Visit our online server at https://cbbio.online/LigTMap/
The code is still in its early stage. You are welcome to feedback or contribute in making in silico target prediction a truly powerful method for novel drug discovery for everyone!
Software requirements:
Anaconda, RDKit, Openbabel, MOPAC2016, ODDT, PSOVina, MGLTools, and Python libraries.
Specifically, our method has been tested with these versions:
- python 2.7 (from anaconda)
- rdkit-2016.03.4
- numpy-1.11.3
- openbabel-3.0.0
- pychem-1.0
- pybel-0.12.2
- scikit-learn-0.19.2
- scipy-1.1.0
- pandas-0.23.4
- boost-1.59.0
INSTALLATION
This code was tested on MacOS X 11.2, CentOS 7.6 and 7.8. We will be glad to know if it works also on your platform!
1. MOPAC2016
MOPAC2016 can be downloaded from http://openmopac.net/MOPAC2016.html You need a license to use, please go to the homepage to obtain a license. The license key will be emailed to you.
In essence, the installation steps are:
Create the directory:
% sudo mkdir -p /opt/mopac
% sudo chmod 777 /opt/mopac
Copy over the MOPAC executable and library that are obtained after unpacking the downloaded package:
% cp <source-path>/MOPAC2016.exe /opt/mopac
% cp <source-path>/libiomp5.so /opt/mopac
% chmod +x /opt/mopac/MOPAC2016.exe
Add the following lines to your .bashrc start-up script:
alias mopac='/opt/mopac/MOPAC2016.exe'
export LD_LIBRARY_PATH=/opt/mopac:$LD_LIBRARY_PATH
Source the start-up script, e.g.
% source ~/.bashrc
Install the license key that you have received in your email:
% /opt/mopac/MOPAC2016.exe <license-key>
Test the installation using the given example:
% mopac Example_data_set.mop
If the run is completed with output at Example_data_set.out, then your installation is successful!
2. Anaconda
Download and install the latest version of Anaconda from https://www.anaconda.com/download/.
Simply run the Anaconda3-xxx.sh file and provide an installation directory, e.g.

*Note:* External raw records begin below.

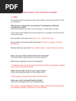 Qual o porto de embarque do vo ... ? What is the boarding gate? Que horas sai/chega o nibus para ...? What time the bus pass?/the bus live? Que horas sai o prximo nibus? What time is the next bus? Qual o preo da passagem? How much is the ticket? Quanto tempo demora para ir a ... ? How long does it takes? Onde posso comprar uma passagem Where can I buy ticket? O nibus/avio est atrasado? The bus/plane is late. (The flight is delay) Este assento/(esta) cadeira/(esta) poltrona est vazia? Is this/that place/chair/seat empty? Posso abrir/fechar a janela? Can I open/close the window? 32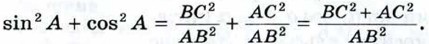 По теореме Пифагора ВС2 + АС2 = АВ2, поэтому sin2 А + cos2 А = 1. Равенство (5) называется основным тригонометрическим тождеством1. 1 Слово «тригонометрия» в переводе с греческого языка означает «измерение треугольников».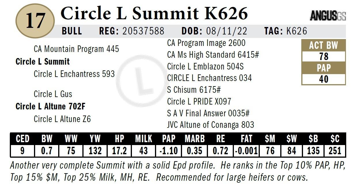 All persons who attend this sale do so at their own risk, legal or otherwise. Circle L Angus assumes no liability for property loss or accident that may occur.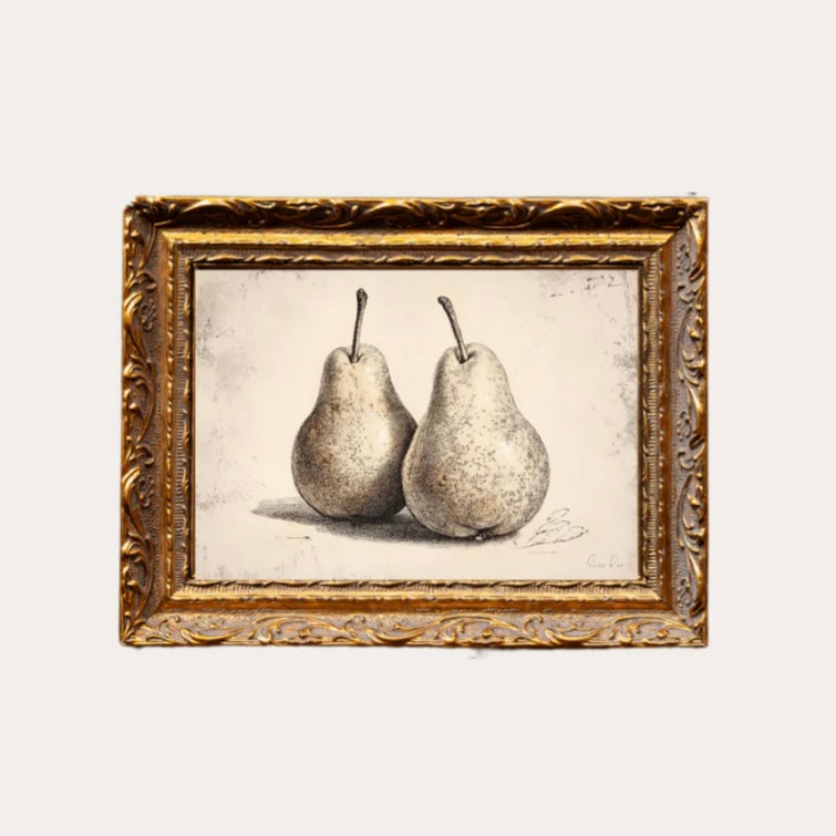 Our Pear Sketch framed art showcases a delicate sketch of fresh pears.

% ./Anaconda3-2020.11-Linux-x86_64.sh
...
/home/user/opt/anaconda3
It's good to organize your program files in one central place like
/home/user/opt/
3. Setup a Python 2.7 environment in your anaconda
% conda create -n ligtmap -c rmg rdkit python=2.7
% conda activate ligtmap
After activation, your default python interpreter should be the one from the ligtmap env.
Check to confirm:
% which python
e.g. /home/user/opt/anaconda3/envs/ligtmap/bin/python
4. Openbabel
Follow http://openbabel.org/wiki/Category:Installation to install Openbabel that suits your platform.
% conda install -c conda-forge openbabel
5. PyChem
Download and install PyChem from https://code.google.com/archive/p/pychem/downloads
% tar cvfz pychem-1.0.tar.gz
% cd pychem-1.0
% python setup.py install
6. PyBel
% python -m pip install pybel
7. Scikit-learn + Pandas
% conda install -c conda-forge scikit-learn=0.19.2
% conda install -c conda-forge pandas=0.23.4
8. ODDT
Make sure you have all previous libraries installed with the correct version before running this:
% python -m pip install oddt
Troubleshooting
In case you meet errors in between and want to remove and reinstall from Step 3:
% conda env remove --name ligtmap
9. PSOVina
Download and install boost-1.59.0.tar.gz from https://sourceforge.net/projects/boost/files/boost/1.59.0/ if boost is not yet in your system.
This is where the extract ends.